🤖 AI Summary
Automated GUI agents face two critical bottlenecks: scarcity of annotated data for GUI grounding and absence of retrospective modeling of historical actions during planning. This paper introduces a unified agent framework for multi-platform GUI environments. To address data scarcity, we propose *scalable GUI annotation data synthesis*, the first method of its kind, generating high-fidelity, diverse training samples from multi-source templates. For planning, we design *bidirectional image-to-action modeling*—integrating forward action prediction with backward path retrospection—to explicitly capture GUI state evolution dynamics. Our approach unifies template-based sample generation, synthetic data augmentation, joint grounding-planning training, and vision-driven action generation with history-aware path reconstruction. Evaluated on cross-platform Web/Mobile benchmarks, our method achieves an average 12.6% higher task completion rate over state-of-the-art models, demonstrating substantial improvements in generalization and interpretability.
📝 Abstract
Automated GUI agents aims to facilitate user interaction by automatically performing complex tasks in digital environments, such as web, mobile, desktop devices.

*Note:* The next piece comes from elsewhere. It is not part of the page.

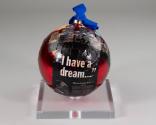 Physical DescriptionPhysical DescriptionLarge red metallic ball ornament decorated in various papier-mâché images that represent Atlanta, including the skyline of the city, a peach, Coca-Cola, the Braves, and Reverend Martin Luther King Jr. There is a blue ribbon attached to the cap at top embroidered in white "Renueve."

It receives textual task instruction and GUI description to generate executable actions (emph{e.g.}, click) and operation boxes step by step. Training a GUI agent mainly involves grounding and planning stages, in which the GUI grounding focuses on finding the execution coordinates according to the task, while the planning stage aims to predict the next action based on historical actions. However, previous work suffers from the limitations of insufficient training data for GUI grounding, as well as the ignorance of backtracking historical behaviors for GUI planning. To handle the above challenges, we propose ScaleTrack, a training framework by scaling grounding and backtracking planning for automated GUI agents. We carefully collected GUI samples of different synthesis criterions from a wide range of sources, and unified them into the same template for training GUI grounding models. Moreover, we design a novel training strategy that predicts the next action from the current GUI image, while also backtracking the historical actions that led to the GUI image. In this way, ScaleTrack explains the correspondence between GUI images and actions, which effectively describes the evolution rules of the GUI environment. Extensive experimental results demonstrate the effectiveness of ScaleTrack. Data and code will be available at url.